● ASSIGNMENT
In the records below, find the line with "通过以上结构化的梳理,可以清", then retype it and every following line exactly, stopping after the line with "Has a small". Leave the pictures out.

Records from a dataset
=== Begin Enclosure ===
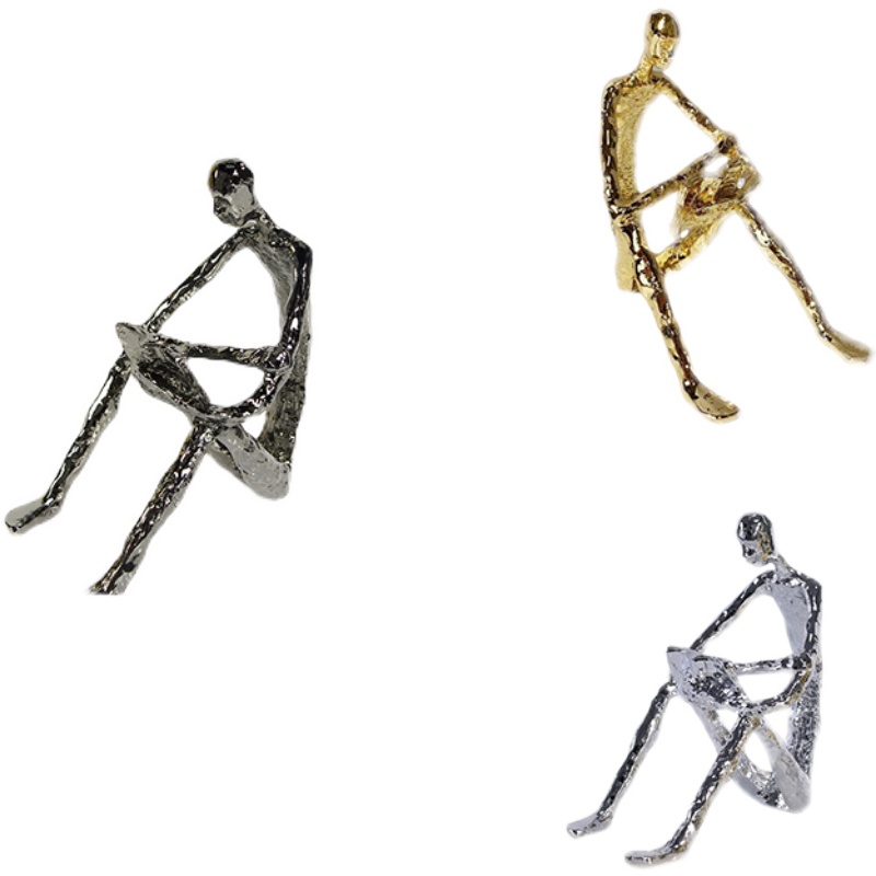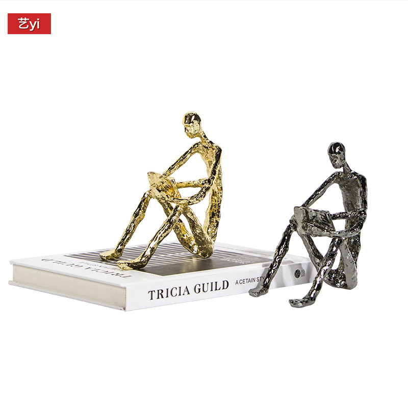 现代简约抽象金属看书人物雕塑人摆件售楼处样板间桌面书房工艺品
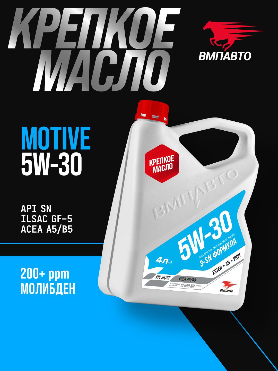 SN-пакет присадок, разработанный ВМПАВТО обеспечивает защиту двигателя от износа, стабильные характеристики масла и чистоту деталей двигателя - всего через три замены двигатель будет очищен от лаковых отложений.
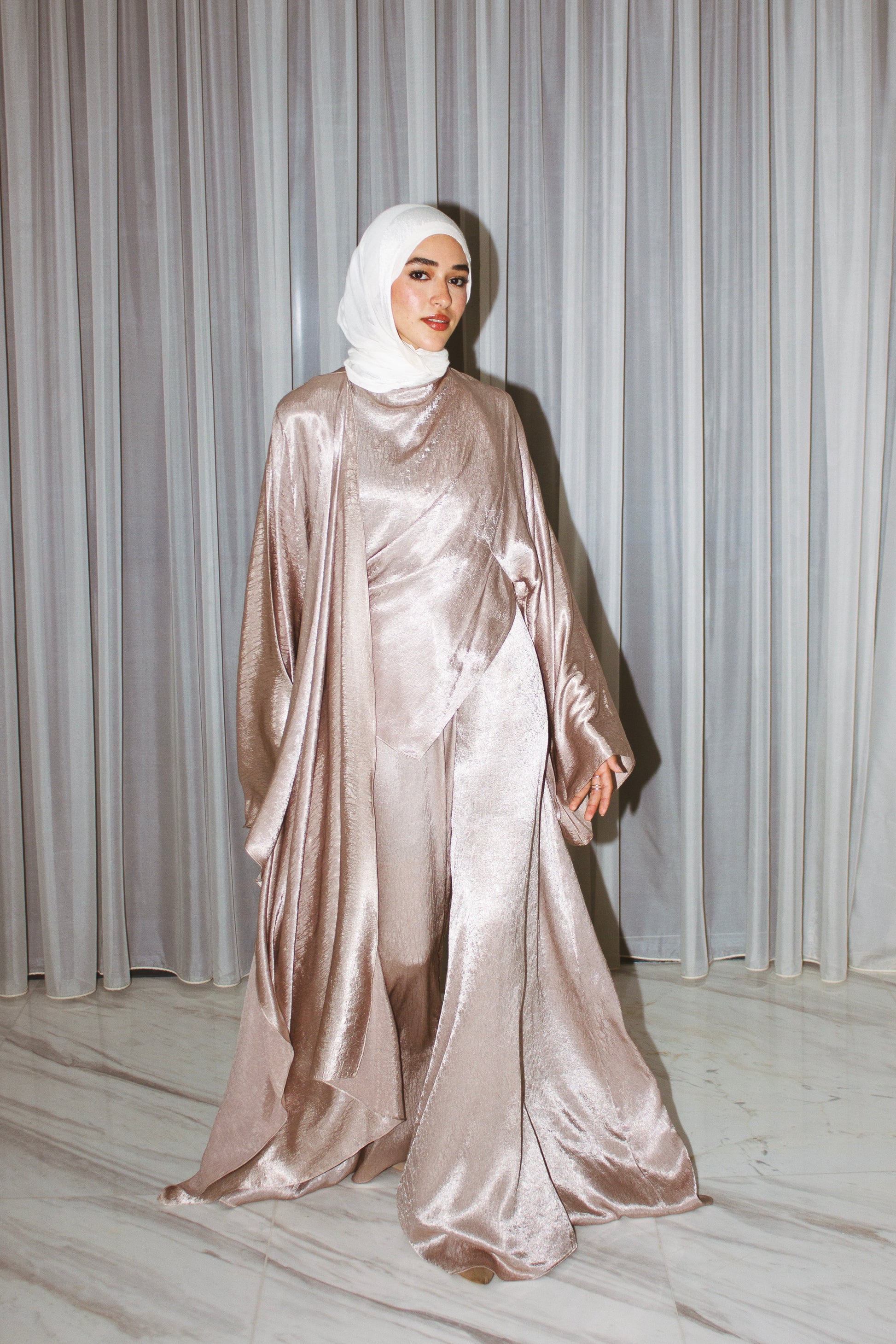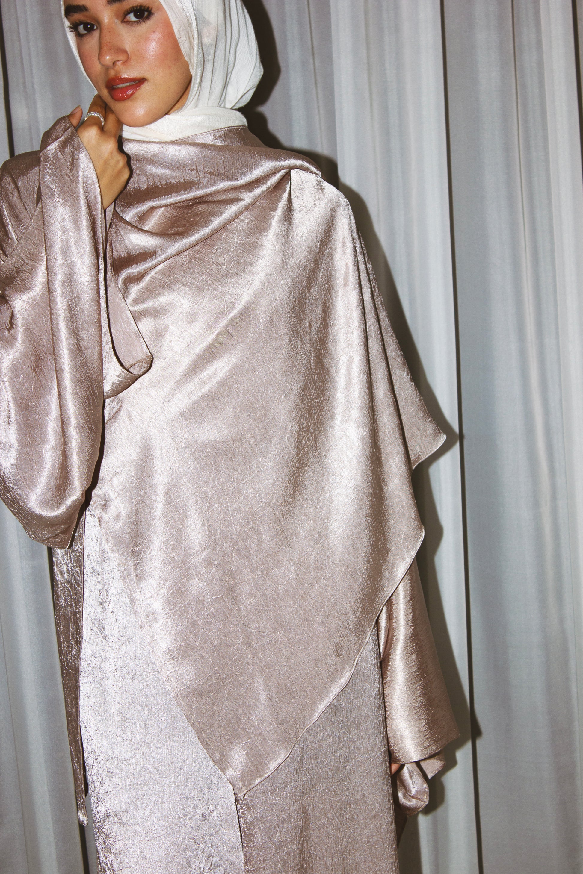 Upgrade your wardrobe with our Head Turner Shawl set in Rosè. Made from premium Turkish textured satin, this statement set is not only stylish but incredibly comfortable. Plus, its versatile design allows you to wear it in three different ways. Elevate your fashion game with this must-have set.
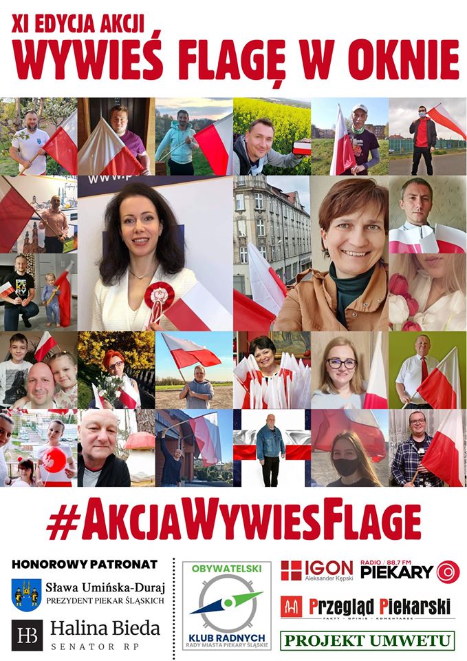 Akcja “Wywieś flagę w oknie” ma w Piekarach Śląskich wieloletnią tradycję. W tym roku organizowana jest jej 11. edycja. Od lat w ramach projektu UMWETU, a później z inicjatywy Obywatelskiego Klubu Radnych prowadzona jest z okazji świąt majowych akcja mobilizująca mieszkańców miasta do wspólnego uczczenia uroczystości poświęconej jednemu z dwóch najważniejszych symboli narodowych.
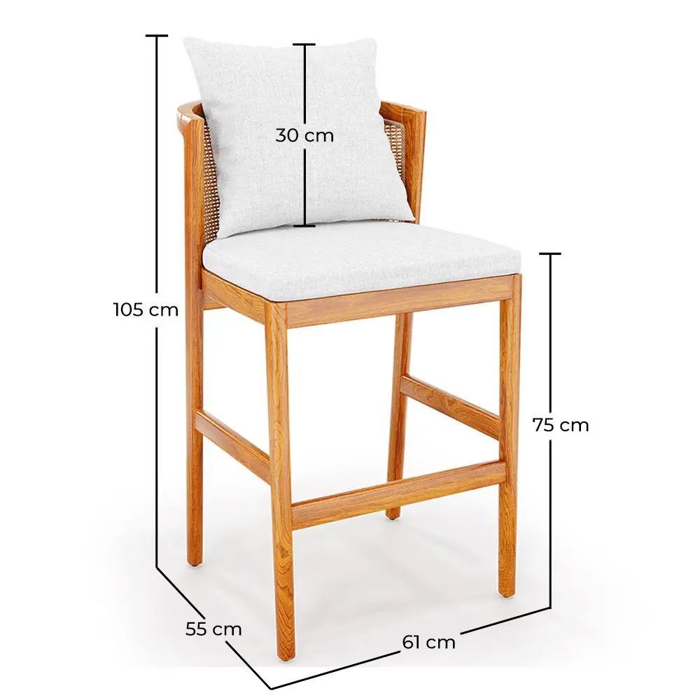 Con il nostro sgabello alto per esterni, godere del plein air non è mai stato così elegante e confortevole. Realizzato in legno di teak di prima qualità con schienale in rattan e cuscini rivestiti in polietilene resistente all'acqua e agli agenti ambientali, questo sgabello è perfetto per bar, ristoranti e hotel. Il suo design robusto e sofisticato garantisce durata e stile, mentre il suo comfort ineguagliabile ti permette di rilassarti e goderti la natura in totale comodità. Aggiungi un tocco di eleganza al tuo spazio esterno con questo sgabello alto di qualità superiore.
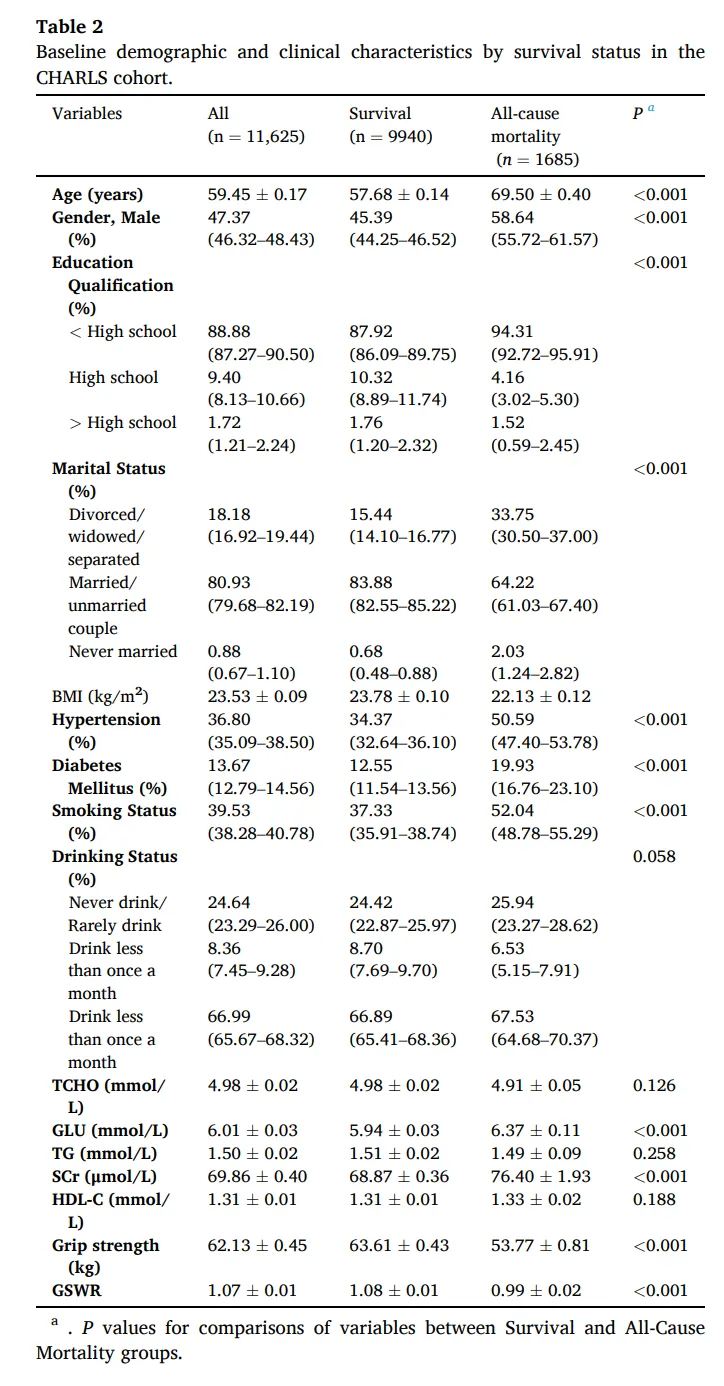 通过以上结构化的梳理,可以清晰理解研究的核心内容及其临床意义。这项研究通过分析GSWR与健康指标之间的关系,为临床实践提供了重要的指导,特别是在中老年人群体的健康管理和疾病预防方面。掌握这些内容对于提升科研能力和临床干预策略具有重要意义。
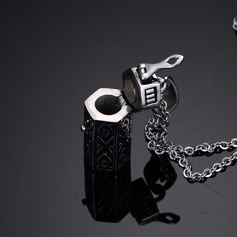 Has a small opening to place a small amount of cremation ashes or a tiny lock of hair or fur, anything symbolic to you. It is subtle and looks beautiful on.
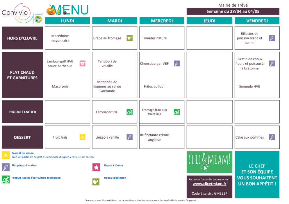 / Menu Cantine Trévé : semaine du 28 avril au 02 mai
=== End Enclosure ===
● TASK ANSWER
 通过以上结构化的梳理,可以清晰理解研究的核心内容及其临床意义。这项研究通过分析GSWR与健康指标之间的关系,为临床实践提供了重要的指导,特别是在中老年人群体的健康管理和疾病预防方面。掌握这些内容对于提升科研能力和临床干预策略具有重要意义。
 Has a small opening to place a small amount of cremation ashes or a tiny lock of hair or fur, anything symbolic to you. It is subtle and looks beautiful on.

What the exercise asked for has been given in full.